Elizabeth Loftus — pioneira do estudo das falsas memórias — e colegas, da Universidade da Califórnia (EUA), recrutaram 38 voluntários com dotes de memória normais e 20 dotados de “hipertimésia” ou “memória autobiográfica altamente superior” (HSAM, na sigla em inglês).

A hipertimésia, descrita pela primeira vez em 2006, faz com que estas pessoas consigam lembrar-se de pormenores dos eventos de cada dia da sua vida desde que eram crianças, incluindo a data e o dia da semana em que aconteceram. “No que respeita a pormenores verificáveis, as pessoas com HSAM acertam 97% das vezes”, escrevem os cientistas. “Conseguem lembrar-se melhor do que aconteceu num dado dia, há dez anos, do que a maior parte [de nós] se lembra do que aconteceu há um mês.”

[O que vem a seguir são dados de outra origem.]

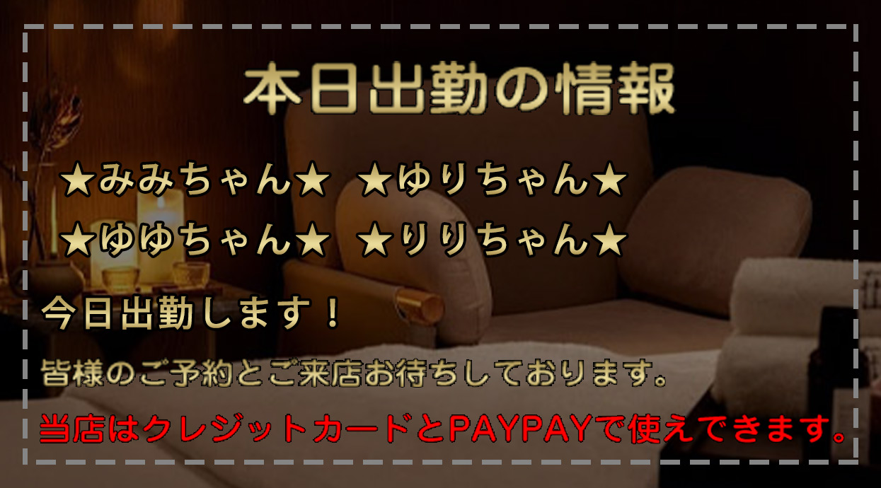 笑顔を絶やさない接客と楽しいお喋りで身体の疲れだけでなく、心の疲れもしっかり取り除ける様な、そんな時間を演出しております。素敵な可愛い貴方だけのセラピストが待っています。私たちが笑顔と楽しい時間という何物にもかえがたい心に大切なプレゼントあげますね!

A hipertimésia é diferente dos outros tipos de memórias superiores, explicam ainda os cientistas. Em particular, as pessoas com HSAM não têm capacidades excepcionais de aprendizagem. O que as distingue é apenas a sua espectacular memória “autobiográfica” — ou seja, a precisão e a exactidão com que se lembram de tudo o que lhes aconteceu na vida.

Miragens mentais
Seja como for, a descoberta da hipertimésia levou os especialistas a perguntar se as pessoas com HSAM seriam ou não imunes às falsas memórias. E foi isso que a equipa quis agora testar. “De certa forma”, escrevem os autores, “esta capacidade parece contradizer o que se sabe acerca dos processos reconstrutivos, falíveis e maleáveis, subjacentes à memória das pessoas com capacidades mnemónicas normais”.

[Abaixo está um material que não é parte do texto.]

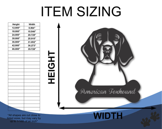 Custom Metal American Foxhound Wall Art - Metal Dog Breed Sign - 20+ Color Options - Up to 46"
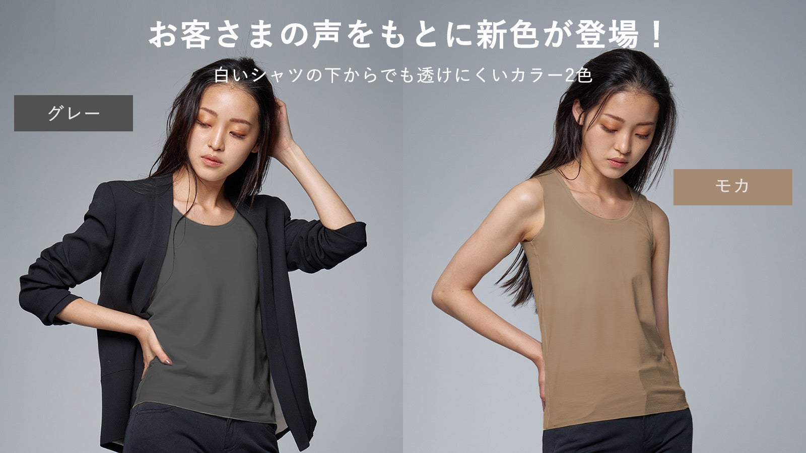 お客さまの声をもとに白シャツの下でも“透けない”新色グレー・モカが登場!

Para fazer o estudo, a equipa realizou, juntos dos 58 participantes com e sem hipertimésia, vários testes que estimulam a produção de falsas memórias. Um deles consiste em enunciar listas de palavras relacionadas entre si — poderiam ser “cama”, “repouso”, “cansado”, “ressonar”, etc. — e em pedir mais tarde aos participantes para se lembrarem do maior número possível de palavras ouvidas. Acontece então que uma palavra como “sono” surge tão frequentemente nas respostas como as diversas palavras da lista... embora nunca tenha sido enunciada durante o teste. Isto porque a ideia de sono está implícita em todas as palavras que os participantes ouviram.

Num outro teste, o “gerador” de falsas memórias consistiu em apresentar uma série de imagens, seguida, algum tempo depois, de frases faladas que confundem a memória dos participantes e os levam a acreditar que viram a imagem de um objecto que apenas foi referido oralmente.

Um terceiro teste ainda consistiu em sugerir aos voluntários que um dado acontecimento fora filmado — neste caso, o preciso instante em que o voo 93 da United Airlines se esmagou no solo da Pensilvânia, a 11 de Setembro de 2001. Embora esse momento trágico dos ataques da Al-Qaeda nunca tenha, na realidade, sido registado em vídeo (as primeiras imagens filmadas foram dos destroços do avião, já a arder no chão), a mera sugestão de que o foi é suficiente para as pessoas ficarem convencidas de ter visto um vídeo inexistente.

Somos todos falíveis
Conclusão da equipa de Loftus: a extraordinária memória dos participantes com hipertimésia não é de todo imune às distorções. Não foram detectadas, em nenhuns dos testes, diferenças significativas entre a taxa de falsas memórias evocadas pelas pessoas com uma memória normal e a taxa de falsas memórias evocadas pelas pessoas com HSAM. Mais ainda: no segundo teste (o das imagens fixas), os voluntários dotados das mais poderosas hipertimésias tiveram mesmo tendência a inventar mais falsas memórias do que os participantes com hipertimésias menos pronunciadas.

“Seja qual for a origem da sua capacidade excepcional em termos de memória autobiográfica, ela não impede [as pessoas com HSAM] de sofrer distorções da memória”, notam os cientistas. O seu estudo, acrescentam, “sugere que os mecanismos de reconstituição da memória que produzem distorções (...) são fundamentais e generalizados nos seres humanos”.

A confirmarem-se, estes resultados poderão ter importantes implicações, nomeadamente na área da justiça, onde a contaminação da memória das testemunhas já teve graves consequências no passado, alertam os cientistas.